** PROBLEM TO WORK ON **
Each line of the records has to be copied exactly, though the pictures must be left out.

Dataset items
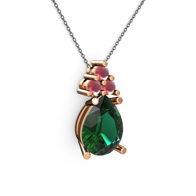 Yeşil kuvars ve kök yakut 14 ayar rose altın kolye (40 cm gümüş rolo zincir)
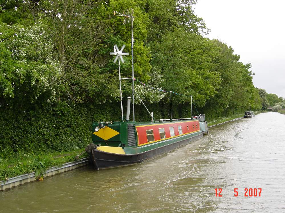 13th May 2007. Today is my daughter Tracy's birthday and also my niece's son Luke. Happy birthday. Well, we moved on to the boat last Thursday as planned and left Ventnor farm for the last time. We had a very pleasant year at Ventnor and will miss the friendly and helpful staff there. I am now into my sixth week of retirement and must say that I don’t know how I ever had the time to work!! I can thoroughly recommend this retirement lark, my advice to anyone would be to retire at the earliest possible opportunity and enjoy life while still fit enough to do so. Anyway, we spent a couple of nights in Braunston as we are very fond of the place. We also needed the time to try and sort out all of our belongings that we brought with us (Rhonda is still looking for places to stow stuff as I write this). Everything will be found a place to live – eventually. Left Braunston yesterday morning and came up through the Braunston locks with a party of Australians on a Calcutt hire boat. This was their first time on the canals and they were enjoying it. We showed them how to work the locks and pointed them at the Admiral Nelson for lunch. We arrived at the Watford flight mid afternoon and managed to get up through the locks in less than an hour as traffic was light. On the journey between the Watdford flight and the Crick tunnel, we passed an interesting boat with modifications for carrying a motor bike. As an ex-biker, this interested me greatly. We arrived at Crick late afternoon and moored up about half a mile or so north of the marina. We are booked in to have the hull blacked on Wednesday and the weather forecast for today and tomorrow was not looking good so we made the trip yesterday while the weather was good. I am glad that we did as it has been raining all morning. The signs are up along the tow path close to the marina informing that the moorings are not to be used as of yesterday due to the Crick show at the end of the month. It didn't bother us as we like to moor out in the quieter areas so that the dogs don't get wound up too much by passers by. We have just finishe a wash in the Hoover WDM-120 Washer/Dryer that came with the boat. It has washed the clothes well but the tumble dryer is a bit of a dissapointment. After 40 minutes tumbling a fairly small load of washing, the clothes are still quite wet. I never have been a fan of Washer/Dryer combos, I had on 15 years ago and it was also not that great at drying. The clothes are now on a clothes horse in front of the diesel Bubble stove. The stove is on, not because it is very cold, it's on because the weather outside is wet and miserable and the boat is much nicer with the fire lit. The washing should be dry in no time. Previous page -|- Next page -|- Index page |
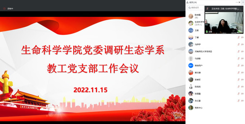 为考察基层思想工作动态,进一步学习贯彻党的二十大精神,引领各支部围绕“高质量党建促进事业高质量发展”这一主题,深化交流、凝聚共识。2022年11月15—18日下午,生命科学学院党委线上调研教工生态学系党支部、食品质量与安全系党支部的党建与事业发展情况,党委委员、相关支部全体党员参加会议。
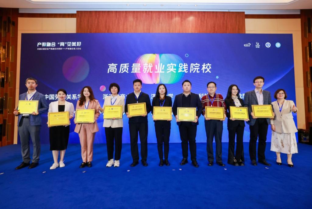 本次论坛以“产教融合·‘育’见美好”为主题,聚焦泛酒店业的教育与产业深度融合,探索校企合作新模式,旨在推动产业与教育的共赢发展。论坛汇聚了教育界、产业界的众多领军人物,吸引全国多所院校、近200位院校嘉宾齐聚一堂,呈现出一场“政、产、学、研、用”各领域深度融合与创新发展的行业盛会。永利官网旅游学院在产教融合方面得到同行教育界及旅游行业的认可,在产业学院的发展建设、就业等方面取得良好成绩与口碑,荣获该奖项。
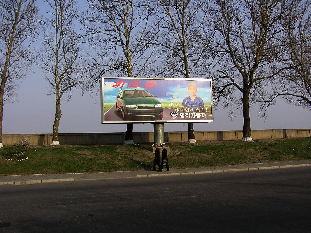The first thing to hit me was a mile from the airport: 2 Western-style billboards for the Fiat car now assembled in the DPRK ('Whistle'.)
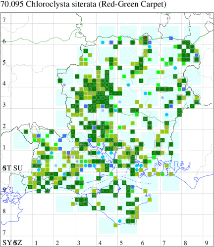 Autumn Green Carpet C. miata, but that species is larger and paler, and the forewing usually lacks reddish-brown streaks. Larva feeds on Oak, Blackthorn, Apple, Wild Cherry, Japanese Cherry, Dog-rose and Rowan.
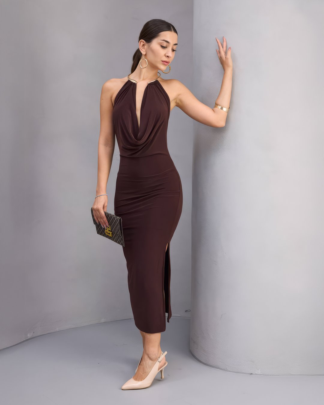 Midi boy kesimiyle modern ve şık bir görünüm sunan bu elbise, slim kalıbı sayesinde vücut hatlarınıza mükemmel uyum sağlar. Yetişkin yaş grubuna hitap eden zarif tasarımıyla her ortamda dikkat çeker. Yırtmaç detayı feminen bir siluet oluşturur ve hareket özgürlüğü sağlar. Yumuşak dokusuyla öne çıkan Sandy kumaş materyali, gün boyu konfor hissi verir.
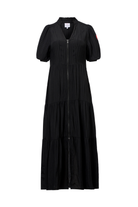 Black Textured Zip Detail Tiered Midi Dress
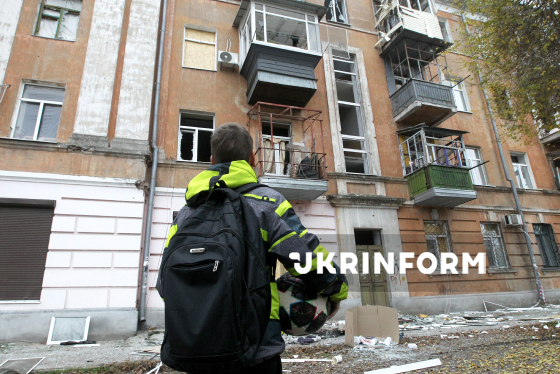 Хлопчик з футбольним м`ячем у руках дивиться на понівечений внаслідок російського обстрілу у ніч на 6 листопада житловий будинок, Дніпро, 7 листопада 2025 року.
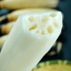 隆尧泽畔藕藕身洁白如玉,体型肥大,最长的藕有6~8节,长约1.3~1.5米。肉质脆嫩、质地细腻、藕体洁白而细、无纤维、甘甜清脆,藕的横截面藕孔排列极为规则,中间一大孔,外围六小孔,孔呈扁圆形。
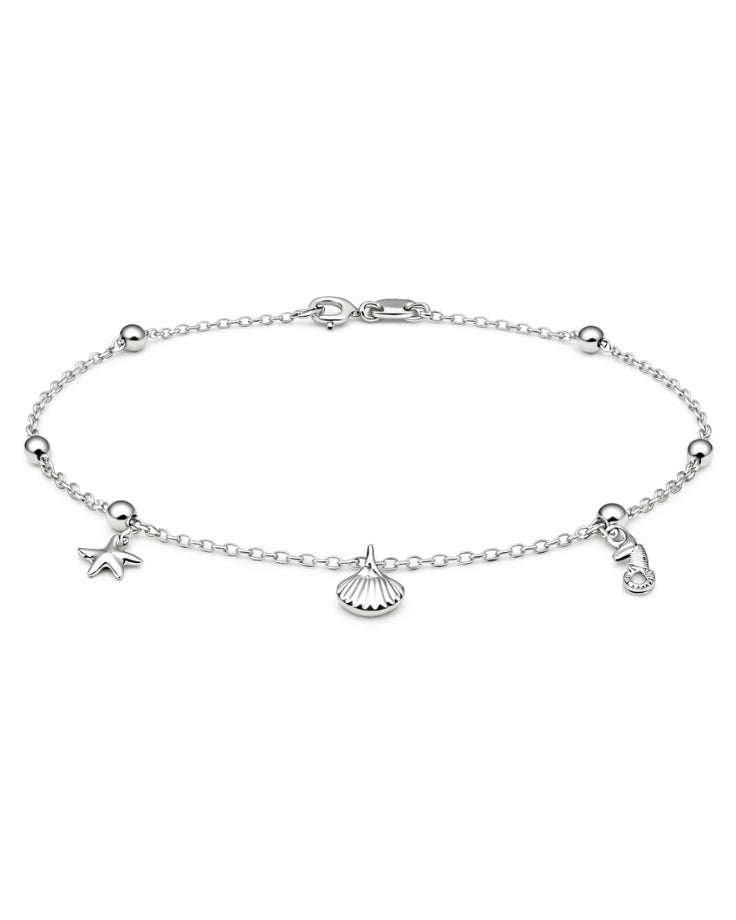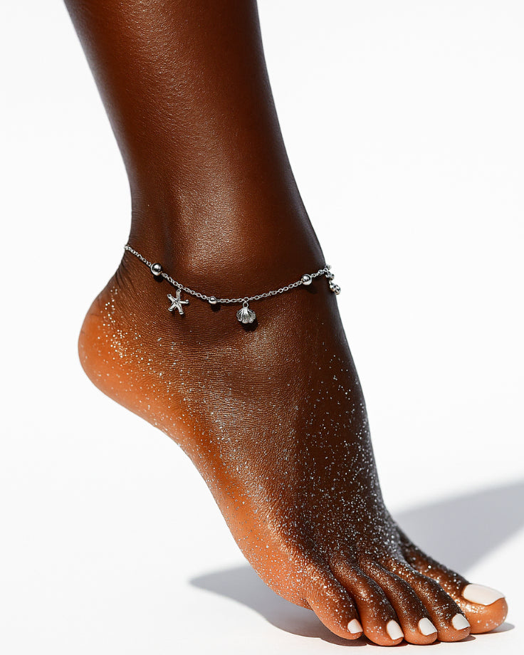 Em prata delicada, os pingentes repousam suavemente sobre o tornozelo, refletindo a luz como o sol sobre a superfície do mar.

** REPLY TO THE TASK **
 Yeşil kuvars ve kök yakut 14 ayar rose altın kolye (40 cm gümüş rolo zincir)
 13th May 2007. Today is my daughter Tracy's birthday and also my niece's son Luke. Happy birthday. Well, we moved on to the boat last Thursday as planned and left Ventnor farm for the last time. We had a very pleasant year at Ventnor and will miss the friendly and helpful staff there. I am now into my sixth week of retirement and must say that I don’t know how I ever had the time to work!! I can thoroughly recommend this retirement lark, my advice to anyone would be to retire at the earliest possible opportunity and enjoy life while still fit enough to do so. Anyway, we spent a couple of nights in Braunston as we are very fond of the place. We also needed the time to try and sort out all of our belongings that we brought with us (Rhonda is still looking for places to stow stuff as I write this). Everything will be found a place to live – eventually. Left Braunston yesterday morning and came up through the Braunston locks with a party of Australians on a Calcutt hire boat. This was their first time on the canals and they were enjoying it. We showed them how to work the locks and pointed them at the Admiral Nelson for lunch. We arrived at the Watford flight mid afternoon and managed to get up through the locks in less than an hour as traffic was light. On the journey between the Watdford flight and the Crick tunnel, we passed an interesting boat with modifications for carrying a motor bike. As an ex-biker, this interested me greatly. We arrived at Crick late afternoon and moored up about half a mile or so north of the marina. We are booked in to have the hull blacked on Wednesday and the weather forecast for today and tomorrow was not looking good so we made the trip yesterday while the weather was good. I am glad that we did as it has been raining all morning. The signs are up along the tow path close to the marina informing that the moorings are not to be used as of yesterday due to the Crick show at the end of the month. It didn't bother us as we like to moor out in the quieter areas so that the dogs don't get wound up too much by passers by. We have just finishe a wash in the Hoover WDM-120 Washer/Dryer that came with the boat. It has washed the clothes well but the tumble dryer is a bit of a dissapointment. After 40 minutes tumbling a fairly small load of washing, the clothes are still quite wet. I never have been a fan of Washer/Dryer combos, I had on 15 years ago and it was also not that great at drying. The clothes are now on a clothes horse in front of the diesel Bubble stove. The stove is on, not because it is very cold, it's on because the weather outside is wet and miserable and the boat is much nicer with the fire lit. The washing should be dry in no time. Previous page -|- Next page -|- Index page |
 为考察基层思想工作动态,进一步学习贯彻党的二十大精神,引领各支部围绕“高质量党建促进事业高质量发展”这一主题,深化交流、凝聚共识。2022年11月15—18日下午,生命科学学院党委线上调研教工生态学系党支部、食品质量与安全系党支部的党建与事业发展情况,党委委员、相关支部全体党员参加会议。
 本次论坛以“产教融合·‘育’见美好”为主题,聚焦泛酒店业的教育与产业深度融合,探索校企合作新模式,旨在推动产业与教育的共赢发展。论坛汇聚了教育界、产业界的众多领军人物,吸引全国多所院校、近200位院校嘉宾齐聚一堂,呈现出一场“政、产、学、研、用”各领域深度融合与创新发展的行业盛会。永利官网旅游学院在产教融合方面得到同行教育界及旅游行业的认可,在产业学院的发展建设、就业等方面取得良好成绩与口碑,荣获该奖项。
The first thing to hit me was a mile from the airport: 2 Western-style billboards for the Fiat car now assembled in the DPRK ('Whistle'.)
 Autumn Green Carpet C. miata, but that species is larger and paler, and the forewing usually lacks reddish-brown streaks. Larva feeds on Oak, Blackthorn, Apple, Wild Cherry, Japanese Cherry, Dog-rose and Rowan.
 Midi boy kesimiyle modern ve şık bir görünüm sunan bu elbise, slim kalıbı sayesinde vücut hatlarınıza mükemmel uyum sağlar. Yetişkin yaş grubuna hitap eden zarif tasarımıyla her ortamda dikkat çeker. Yırtmaç detayı feminen bir siluet oluşturur ve hareket özgürlüğü sağlar. Yumuşak dokusuyla öne çıkan Sandy kumaş materyali, gün boyu konfor hissi verir.
 Black Textured Zip Detail Tiered Midi Dress
 Хлопчик з футбольним м`ячем у руках дивиться на понівечений внаслідок російського обстрілу у ніч на 6 листопада житловий будинок, Дніпро, 7 листопада 2025 року.
 隆尧泽畔藕藕身洁白如玉,体型肥大,最长的藕有6~8节,长约1.3~1.5米。肉质脆嫩、质地细腻、藕体洁白而细、无纤维、甘甜清脆,藕的横截面藕孔排列极为规则,中间一大孔,外围六小孔,孔呈扁圆形。
 Em prata delicada, os pingentes repousam suavemente sobre o tornozelo, refletindo a luz como o sol sobre a superfície do mar.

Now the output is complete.